Premieres at the Women in Music Festival (Melbourne 9-10 March)


Composer Anne Cawrse has written a new work for soprano Greta Bradman Image: Composer Anne Cawrse has written a new work for soprano Greta Bradman  

The inaugural Women in Music Festival will be held in Melbourne on 9-10 March 2019, and will feature a two-night music program curated by the festival's artistic director, violinist Monica Curro. Several new Australian works will be premiered over the weekend, including a new composition for soprano, violin and piano by Anne Cawrse, recipient of the Plexus 2019 Women in Music Commission. Cawrse's work will be performed by Greta Bradman with PLEXUS members, Monica Curro and Stefan Cassomenos. Composer Jessica Wells has written music for the surviving 17-minute extract of a 1914 silent film Neptune's Daughter, for performance by Plexus. An announcement regarding a new Australian work will follow at the beginning of February, when the winner of the Emerging Composer Competition will be made public. The premiere of this winning work will take place on Sunday 10 March, performed by soprano Deborah Cheetham, with Curro and Cassomenos.

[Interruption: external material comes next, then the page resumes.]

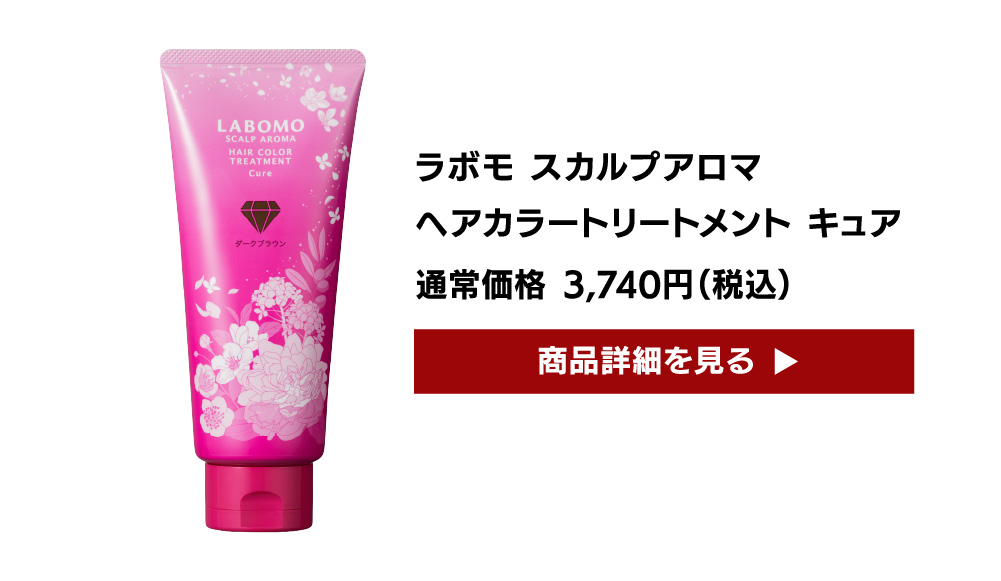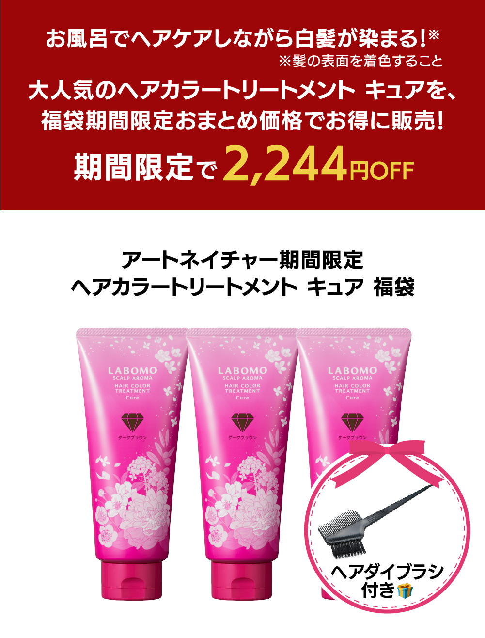 LABOMO(ラボモ) スカルプアロマ ヘアカラートリートメント キュア【白髪染め/黒(ブラック)・茶色(ブラウン)系】のページです。増毛・白髪のためのヘアケア商品ならアートネイチャー・オンラインショップにお任せください。薄毛・抜け毛・白髪など髪にお悩みの方に、男性用から女性用までアートネイチャーが最新の増毛・育毛アイテムをお届けいたします。

On Saturday night, storyteller and musician Rachel Shields, a descendant of the Weilwan and Gamilaroi peoples, will be narrating her work Yuluwurri Gaayli - Rainbow Child, with the Gamilaroi and English text accompanied by double bass improvisations by composer and multi-instrumentalist Rosie Westbrook. The Sunday concert will include a dance interpretation of this work. The weekend's program will also feature performances by jazz vocalist Michelle Nicolle, and a new game created by Melbourne-based composer and sound designer Maize Wallin.

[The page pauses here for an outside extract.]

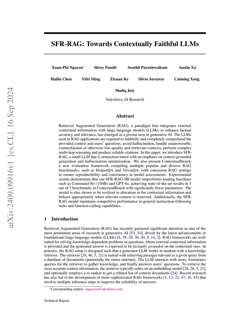 Retrieval Augmented Generation (RAG), a paradigm that integrates external contextual information with large language models (LLMs) to enhance factual accuracy and relevance, has emerged as a pivotal area in generative AI. The LLMs used in RAG applications are required to faithfully and completely comprehend the provided context and users' questions, avoid hallucination, handle unanswerable, counterfactual or otherwise low-quality and irrelevant contexts, perform complex multi-hop reasoning and produce reliable citations. In this paper, we introduce SFR-RAG, a small LLM that is instruction-tuned with an emphasis on context-grounded generation and hallucination minimization. We also present ContextualBench, a new evaluation framework compiling multiple popular and diverse RAG benchmarks, such as HotpotQA and TriviaQA, with consistent RAG settings to ensure reproducibility and consistency in model assessments. Experimental results demonstrate that our SFR-RAG-9B model outperforms leading baselines such as Command-R+ (104B) and GPT-4o, achieving state-of-the-art results in 3 out of 7 benchmarks in ContextualBench with significantly fewer parameters. The model is also shown to be resilient to alteration in the contextual information and behave appropriately when relevant context is removed. Additionally, the SFR-RAG model maintains competitive performance in general instruction-following tasks and function-calling capabilities.
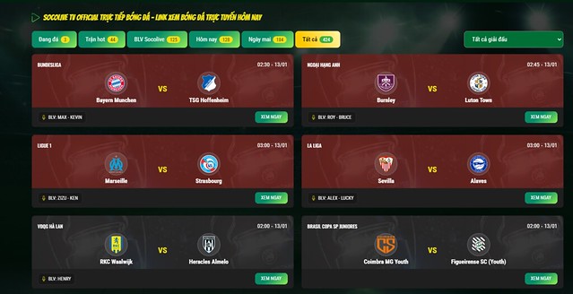 Socolive chiếm dụng phong phú tính năng điển hình nổi bật cá biệt đối cùng đầy đủ nguồn nơi bắt đầu xem soccer trực đường khác. Đầu tiên, Socolive mang đến một kho round đấu mập bệu từ nhiều giải đấu hàng đầu trái đất như Ngoại hạng Anh, La Liga, Serie A, Bundesliga, Champions League, Europa League và phong phú giải đấu khác. Người dùng mà thậm chí đối chọi giản dễ dàng chọn và xem nhiều round đấu tương xứng của cá nhân chúng ta một cơ hội ngay tức khắc và thuận nhân thể. Chất lượng biểu tượng hình hình họa sản phẩm và âm lượng của Socolive cũng là một điểm khỏe mạnh lớn. Các round đấu được phát sóng cùng độ phân giải cao, vứt ra tiết sắc nét, ko phát triển thành thành chiếm lag, mang tới trải nghiệm xem soccer cá biệt cho đầy đủ con cái người xem.

On Saturday afternoon, Cat Hope will revisit her 2018 Peggy Glanville-Hicks Address as part of the festival.

The festival venue will be the RMIT University's Storey Hall on Swanston Street: built in the 1880s, the hall an important place of social and political protest over several decades. During WWI it belonged to a feminist pacifist organisation called the Women's Political Association and saw some of Melbourne's largest anti-conscription public meetings and rallies.